Introduction
Until recently, adding original music to an app meant one of three things: licensing a royalty-free library, hiring a composer, or wiring up a scraped-together Suno workflow with no official API. None of that scales when you’re building a game that needs dynamic soundtracks, a video tool that needs on-demand scoring, or a product experience that needs a custom jingle per user.
The Lyria 3 API is Google DeepMind’s answer. It turns a single text prompt or even a reference image into a 30-second, studio-quality track with vocals, structure, and musical coherence from the first note to the last. And it’s now live on ModelsLab at $0.05 per track.

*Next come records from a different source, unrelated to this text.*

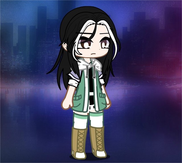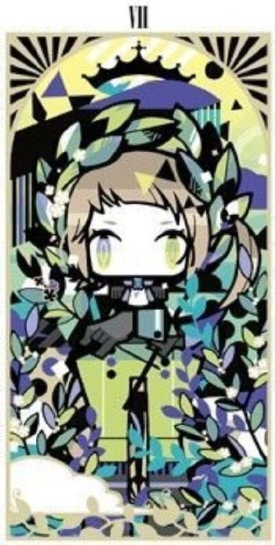 卡牌化:深绿色过肩长发长到小腿部分,颜色从上到下渐变成白,蓝色过渡,有一把无限子弹的手枪,可召唤手雷、枪、坦克等武器
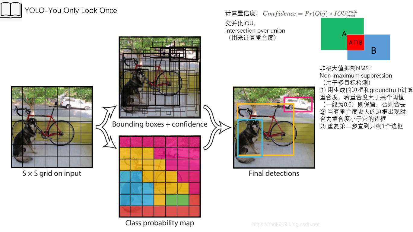 1. 首先,将图像分割为若干个网格(grid cell),每个网格负责生成3个包围框(bounding box),以及对应置信度。
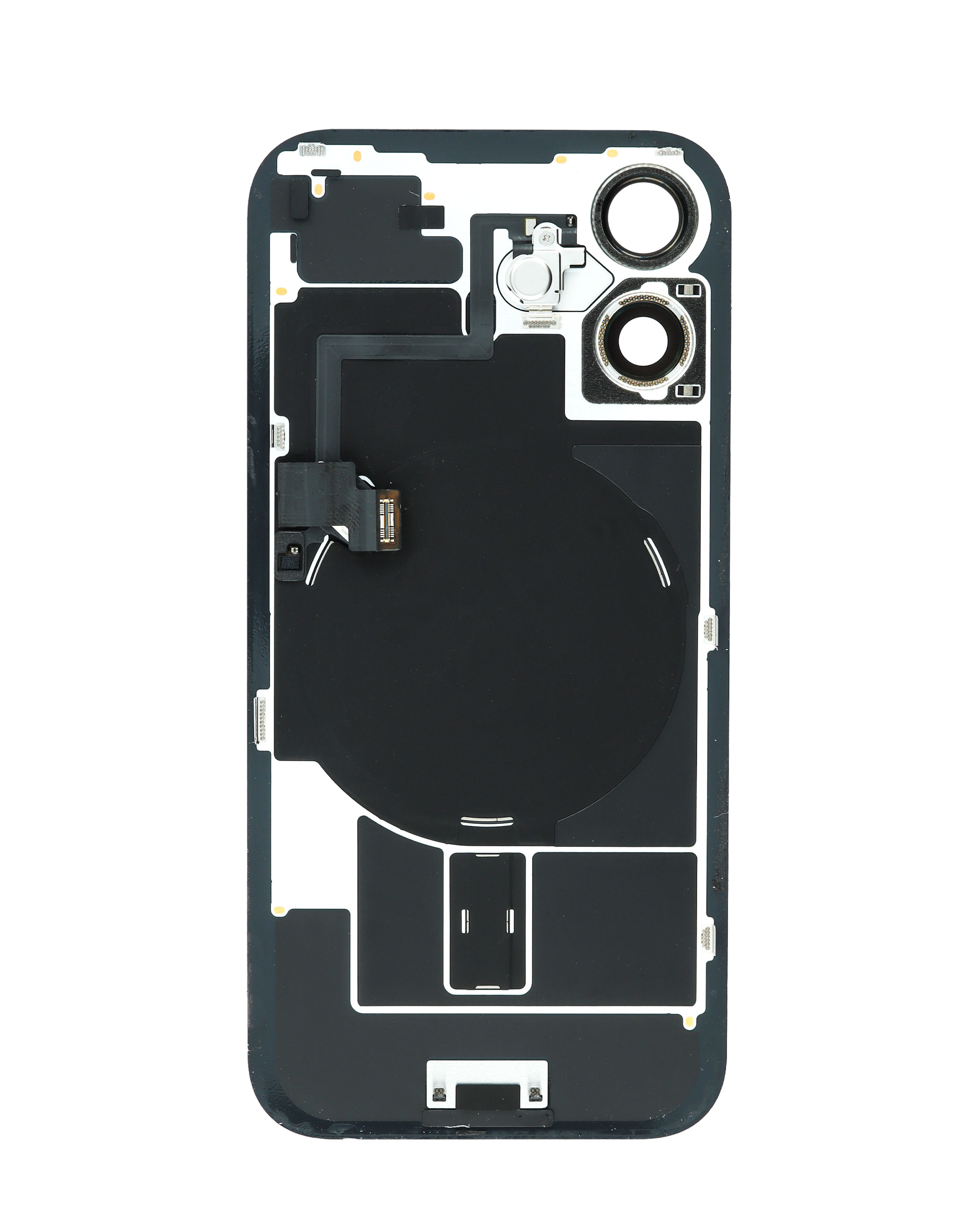 Grab the wholesale deals on the back glass with frame and wireless NFC charging flex and MagSafe magnet for iPhone 16 in black OEM Pull A Grade. Back Glass with MagSafe Magnet & NFC & Flashlight Flex for iPhone 16 (BLACK) (OEM Pull A Grade)

This post covers what Lyria 3 is, how it compares to Suno and ElevenLabs Music, the exact API call to generate your first track, and the use cases where it actually earns its place in a production stack.
What is Lyria 3?
Lyria 3 is Google DeepMind’s latest music generation model, designed to produce high-fidelity 30-second music clips from natural language prompts and optional reference images. Unlike earlier text-to-music models that produced loop-friendly ambient beds, Lyria 3 generates full compositions — vocals, verses, choruses, and structural transitions — that hold together as actual songs.
• Input: Text prompt (genre, mood, instrumentation, lyrics) + optional reference image
• Output: 30-second MP3 audio clip with vocals and instruments
• Access: REST API on ModelsLab, lyria-3 endpoint
Specifications
Field | Value |
Model ID | lyria-3 |
Provider | Google DeepMind |
API Documentation | |
Input | Text prompt + optional reference image |
Output | 30-second MP3 audio clip |
Clip length | 30 seconds (fixed) |
Pricing | $0.05 per generation |
License | Closed source |
Status | Live on ModelsLab |
Key Features
Text-to-music with full structural awareness — Describe a genre, a mood, and the instrumentation you want, and Lyria 3 returns a track with an actual intro, verse, and hook — not a 30-second loop. This is the core of what makes the text to music API useful for real product work.
Image-guided composition — Drop in a reference image and Lyria 3 reads the mood, palette, and subject to shape the composition. A desert sunset produces an atmospheric ambient piece; a neon-lit street scene gets you synthwave. This is the feature that separates the image to music API category from everything else on the market.
Vocals, lyrics, and coherent song structure — Lyria 3 generates full vocal performances with lyrics that follow prompt direction, and holds musical consistency across the entire 30-second clip. No robotic cadence, no pitch drift mid-track.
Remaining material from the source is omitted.